Traditional economics, by contrast, utilizes a very different sort of theoretical strategy. It employs a normative judgment strategy that operates from the top down (as does, for example, Chomskyan linguistics). It begins with an idealized account of humans as rational actors (or, in the case of linguistics, as ideal speaker-listeners) who recognize and make optimal decisions about economic matters (or, again in the case of linguistics, grammatical form).

Their judgments about those matters carry normative force. They are judgments about how a rational actor should proceed.

For example, all else being equal, consumers almost always opt for purchasing a product at a lower price rather than a higher one. Such idealizations readily lend themselves to mathematical modeling—whether of rational consumers, of types of exchanges, or of markets—from which economists can derive predictions about the world. The presumption is that people mostly do what they ought to do, according to these normative models of economic behavior—and, often, they do.

But Sometimes They Do Not

What studies in behavioral economics have repeatedly demonstrated is that sometimes people’s behaviors not only stray but stray systematically from classical economists’ idealized models. For example, consider findings about the Ultimatum Game.

In the Ultimatum Game, the arrangements are completely transparent to both players. One player, the proposer, is given a sum of money, which is to be split with the second player, the responder. The proposer offers some percentage of the total amount to the responder—say, an amount between 1 percent and 100 percent. If the responder accepts the offer, each player receives the amounts the proposer’s offer prescribes. Crucially, though, if the responder rejects the proposer’s offer, then neither player gets anything.

On the classical economic account, the proposer should make the lowest possible positive offer, since the responder should accept any positive offer, as the responder will be better off thereby. It probably comes as no surprise that behavioral economists have found something quite different.

Playing the Ultimatum Game with American undergraduates shows roughly that proposers usually make offers between 40 percent and 50 percent and that more than half of responders will reject offers below 20 percent. It is no doubt even more surprising to both traditional and behavioral economists that in some cultures many proposers offer more than 50 percent and sometimes a good deal more!

References

Gűth, Werner, Schmittberger, Rolf, and Schwarze, Bernd. (1982). An experimental analysis of ultimatum bargaining. Journal of Economic Behavior & Organization 3 (4), 367–388.

Henrich, J., Boyd, R., Bowles, S., Gintis, H., Fehr, E., Camerer, C., McElreath, R., Gurven, M., Hill, K., Barr, A., Ensminger, J., Tracer, D., Marlow, F., Patton, J., Alvard, M., Gil‑White, F., and Henrich, N. (2005). "'Economic Man' in Cross‑Cultural Perspective: Ethnography and Experiments from 15 Small‑Scale Societies," Behavioral and Brain Sciences 28(6), 795–855.

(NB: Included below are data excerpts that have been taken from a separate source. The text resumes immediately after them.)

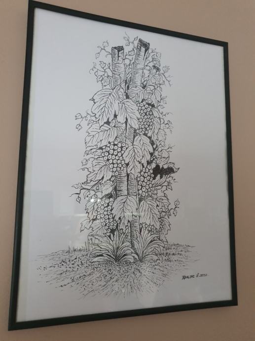Grafika; tehnika tuš i olovka - "Neobrano grožđe" 40x31cm uokvireno
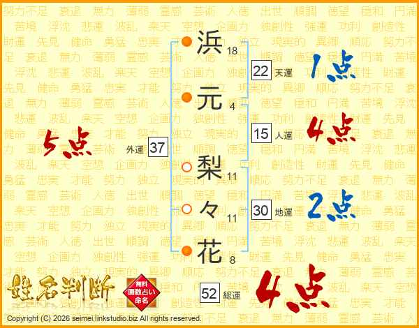 浜(18画)元(4画) 梨(11画)々(11画)花(8画)
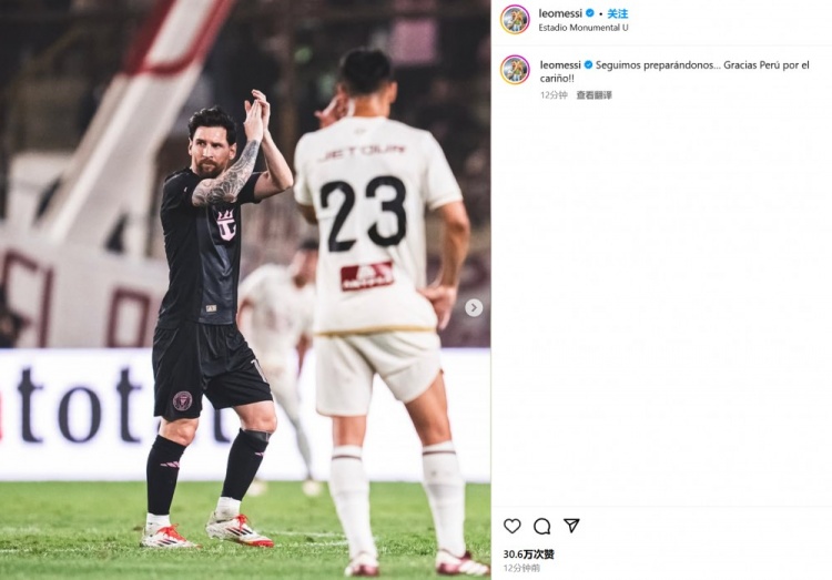 梅西也在賽后通過社媒曬出自己的比賽照,并表示:“我們繼續(xù)做好備戰(zhàn),感謝秘魯?shù)膼?。?/p>
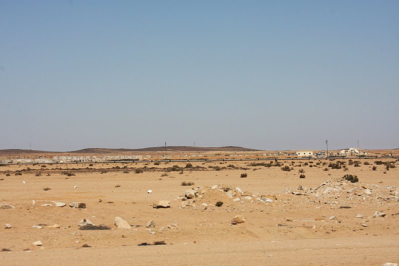 Kaum merklich verlieren wir weiter an Höhe, die Landschaft verändert sich nun aber sichtlich. Leicht hügeliges, grasiges Gelände geht allmählich in wellig-flache Sand-Geröllwüste über, die Farbe des Bodens wird immer gräulicher, die Vegetation immer spärlicher – wir nähern uns der Uranminen-Hochburg Namibias. Das Tagebau-Gebuddel, bei dem sich Sprengungen bis zu 300 Meter in die Tiefe vorarbeiten, hinterlässt deutliche Spuren in der sensiblen Wüstenlandschaft. Klar, wenn dabei das Oberste zuunterst gekehrt wird… Aber nicht nur das. Seit Kilometern schon sehen wir riesige schwarze Pipelines, die sich über den geschändeten Boden schlängeln. Sie transportieren entsalztes Meerwasser zu den Minen, das dort in großen Mengen zum Waschen des abgebauten Gesteins benötigt wird. Eine gute Sache eigentlich, denn bis vor kurzem noch deckte man den gesamten, sehr massiven Bedarf, indem man die Grundwasserreservoirs der umliegenden Riviere (Khan, Kuiseb und Swakop) anzapfte. Das wiederum brachte auf Dauer die Trinkwasserversorgung diverser Städte in Gefahr und, noch viel schlimmer, die Flora und Fauna völlig aus dem Gleichgewicht. Nun bringt die Entsalzungsanlage dahingehend Entlastung, aber irgendwo muss das gebrauchte Waschwasser ja auch wieder entsorgt werden. Es wird praktischerweise ins Meer zurückgeleitet; schwer mit Salzen angereichert und mit dem Chlorgehalt eines Swimmingpools. Natürlich ohne jegliche Gefahr für die Natur, so sagt wenigstens der Betreiber der Entsalzungsanlage. Logisch, was soll er auch sonst sagen!
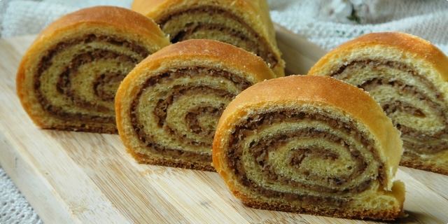 Kad se tijesto diglo, razvaljati ga valjkom i namazati nadjevom po želji. Ja sam ovaj put imala samo orahe. Razvaljala sam tijesto na dimenziju dugačkog valjka i namazala filom kao na slikama. Lakše je rolati sa svake strane i kasnije prerezati po sredini da se dobiju 2 štruce. Ja sam još i te prerezala pa sam dobila 4 male. Prebaciti ih u namašćenu tepsiju (ja koristim maslac ili margarin)
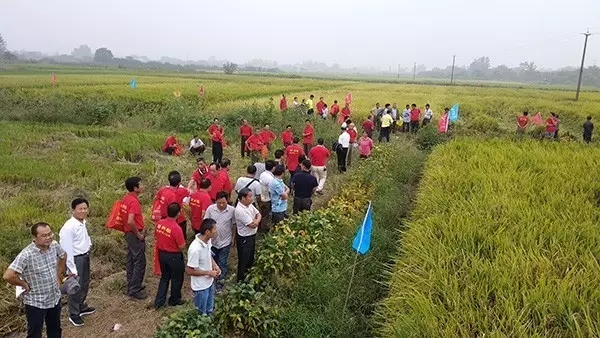 2017年9月24日上午,百分農(nóng)業(yè)應(yīng)鼎城石公橋經(jīng)銷商陳月清邀請(qǐng)前往石公橋鎮(zhèn)文家坪農(nóng)戶曹志才示范田實(shí)地測(cè)產(chǎn)實(shí)收,參會(huì)人員有常德鼎城代理商鄧總、百分湖南大區(qū)劉浩經(jīng)理、鼎城區(qū)高級(jí)農(nóng)藝師周老師、160位鼎城的零售商、種植大戶及沅江、石門慕名而來(lái)一睹財(cái)神稻高產(chǎn)風(fēng)采的代理商、大戶朋友們。
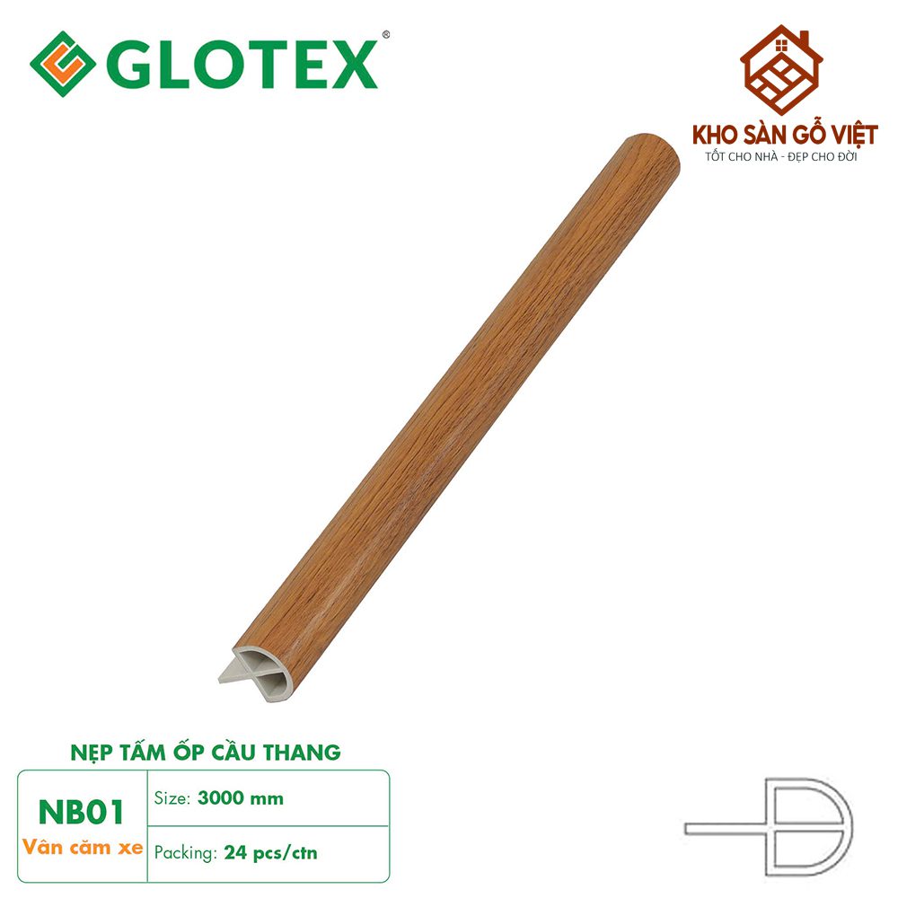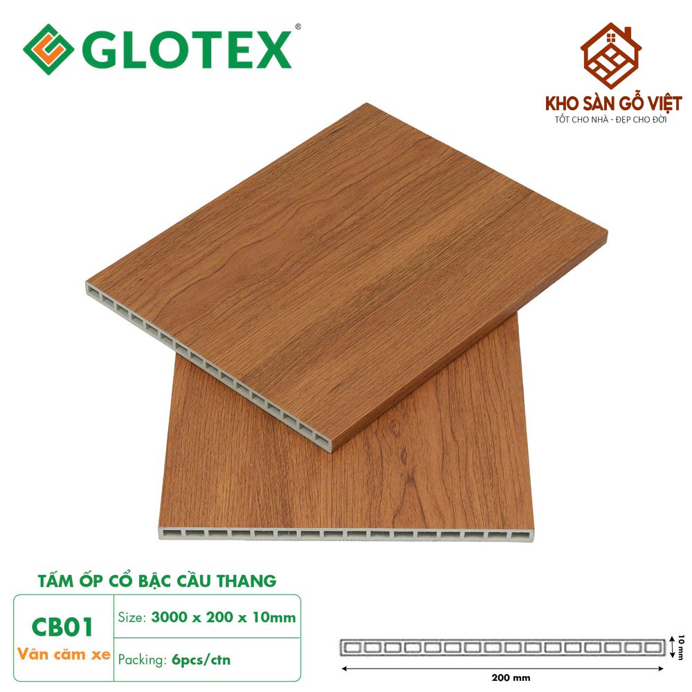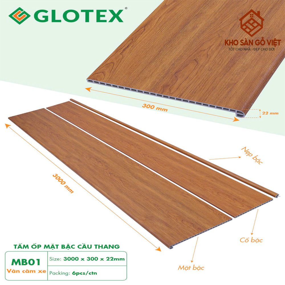 Tấm Ốp Cầu Thang Glotex MB01 là dòng vật liệu ốp trang trí cao cấp mang tông vân căm xe nâu vàng ấm áp, đem đến vẻ đẹp sang trọng và gần gũi cho không gian nội thất. Với kích thước tiêu chuẩn 3000 x 300 x 22mm, sản phẩm gồm ba phần mặt bậc, cổ bậc và nẹp bậc, giúp cầu thang liền mạch và tinh tế hơn. Được sản xuất bằng công nghệ hiện đại của Glotex, MB01 có khả năng chống ẩm, chống mối mọt, chịu va đập tốt và giữ màu bền bỉ theo thời gian. Đây là lựa chọn hoàn hảo cho những công trình yêu cầu tính thẩm mỹ cao như nhà phố, biệt thự, văn phòng hoặc khách sạn.
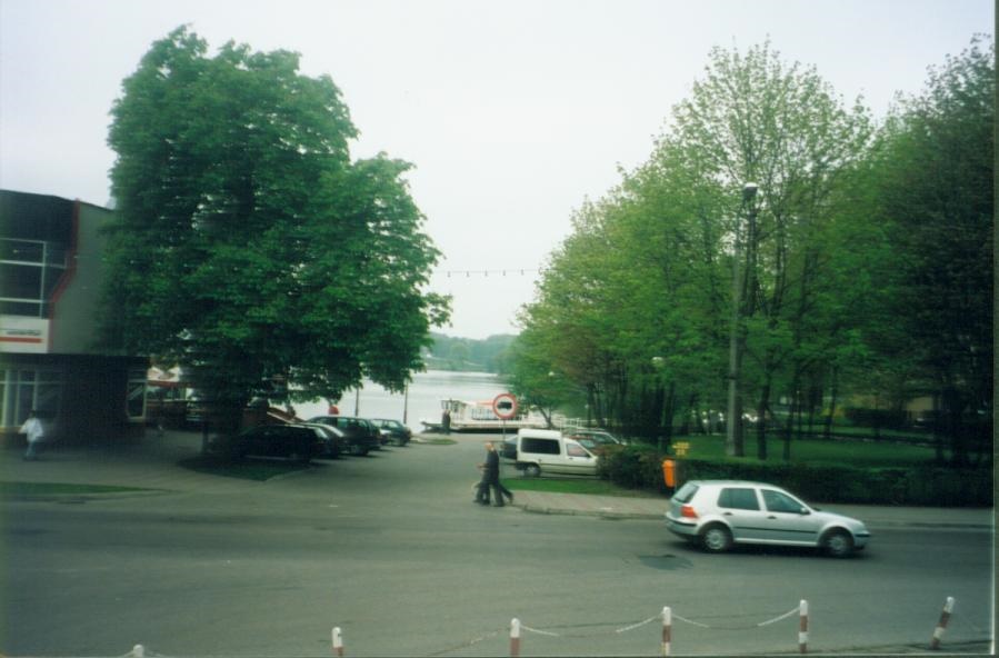 po lewej fragment Domu Handlowego "pod Kasztanem" (dawniej na parterze od strony jeziora mieściła się restauracja YELLOW, obecnie - U Czapy). Po prawej park, obecnie przebudowany - funkcjonuje tu fontanna.
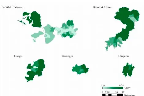 대도시 별 녹지 공간 분포도 (*논문발췌)
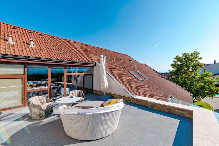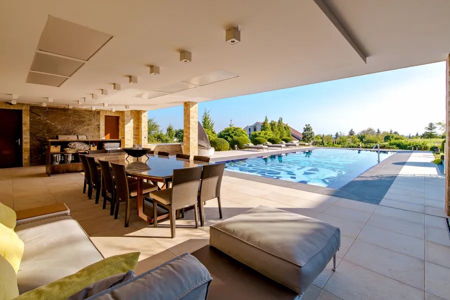 The grounds are designed for both relaxation and entertaining on a grand scale. At its heart lies a striking 16-meter swimming pool, accompanied by a state-of-the-art barbecue pavilion and a dining table for sixteen, perfect for summer gatherings. Just steps away, a high-end American jacuzzi provides year-round indulgence. The property’s location, within a peaceful and quiet village, lies only four kilometers from Hévíz, home to Europe’s largest natural thermal lake, where outdoor bathing is possible throughout the year.
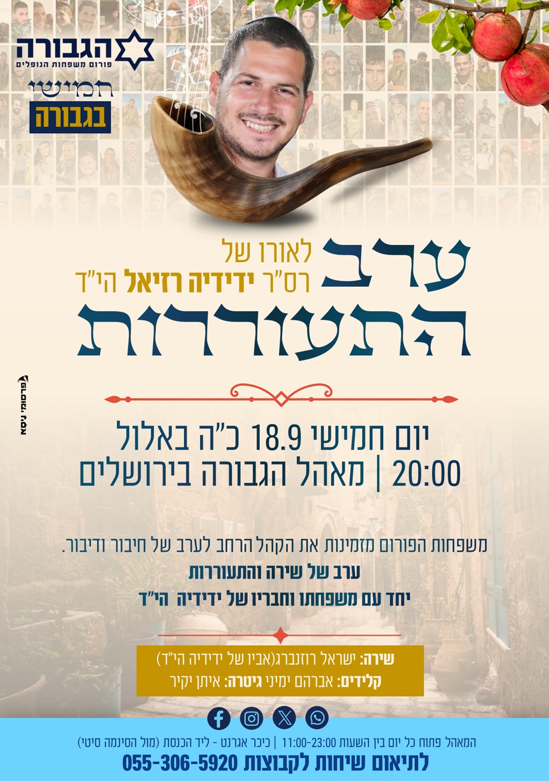 כולנו מחזקים את רוח הלחימה, מחזקים את צדקת הדרך, מחזקים את החתירה לניצחון מלא ללא פשרות בשביל הדורות הבאים ובשביל הבנים שלנו שנפלו על קידום ה'
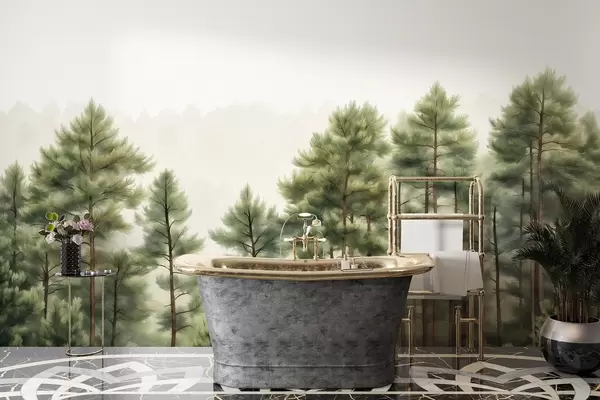 Fototapet Skog med tallar, teckning i oljestil, natur Nr. w02942
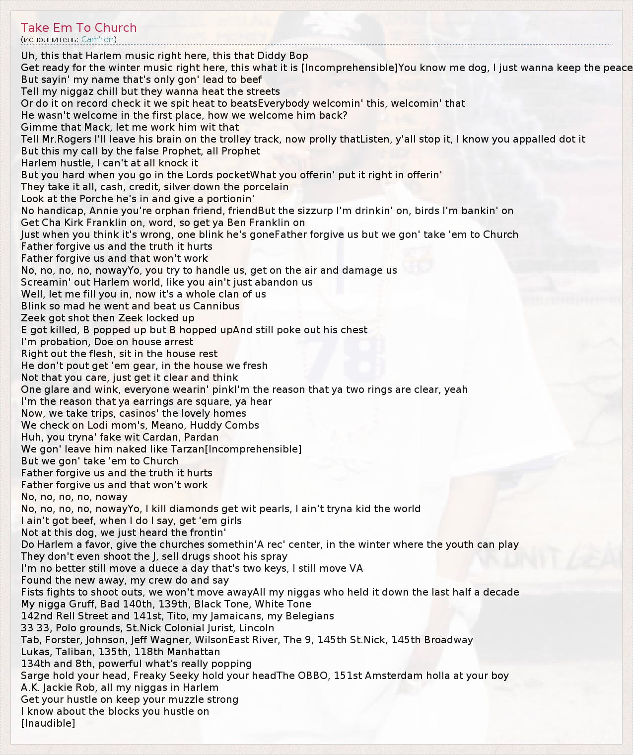 А как ты думаешь, о чем песня "Take Em To Church" ?
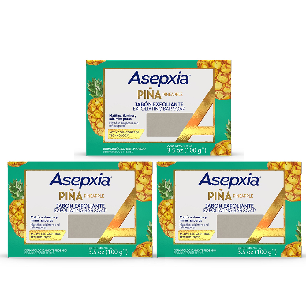 Asepxia Exfoliating Pineapple Bar Soap removes dead skin cells, impurities, and debris from the skin’s surface. <br>It calms and brightens skin instantly. Natural pineapple acid mattifies by eliminating excess oil, brightens, and unclogs pores. <br>Intensive nutrition! Our pineapple soap softens and moisturizes as you wash. Natural ingredients moisturize and calm greasy and sensitive skin. <br>Dry, oily, combination, and sensitive skin-friendly. <br>For optimum results, exfoliate morning and night. Our products eliminate pore-clogging debris, oil, and pollutants to maintain face and body skin clean of blemishes. <br><br>Packaging may Vary. <br>
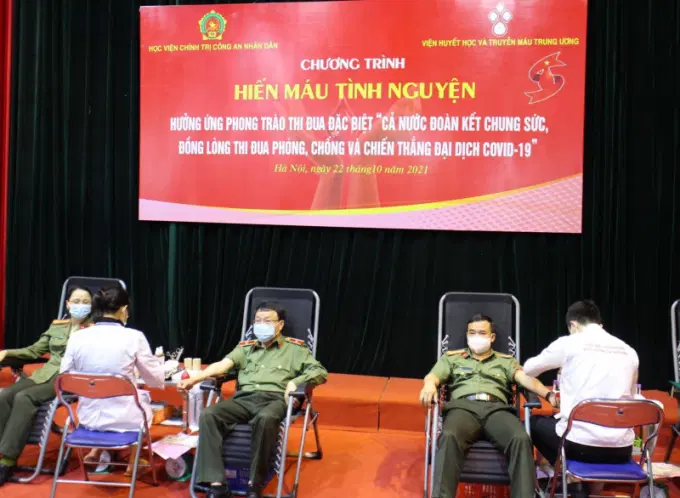 Ngày 22/10, Học viện Chính trị CAND phối hợp với Viện Huyết học và Truyền máu Trung ương tổ chức chương trình hiến máu tình nguyện hưởng ứng phong trào thi đua đặc biệt “Cả nước đoàn kết, chung sức, đồng lòng thi đua phòng chống và chiến thắng đại dịch COVID-19”.

Kahneman, D., Slovic, P., and Tversky, A. (eds.). (1982). Judgement Under Uncertainty: Heuristics and Biases. Cambridge: Cambridge University Press.

McCauley, R. N. and Lawson, E. T. (1993). "Connecting the Cognitive and the Cultural: Artificial Minds as Methodological Devices in the Study of the Sociocultural," Minds: Natural and Artificial. R. Burton (ed.). Albany: State University of New York Press, pp. 121–145.

Robert D. Hershey Jr. Daniel Kahneman, Who Plumbed the Psychology of Economics, Dies at 90. New York Times. March 27, 2024.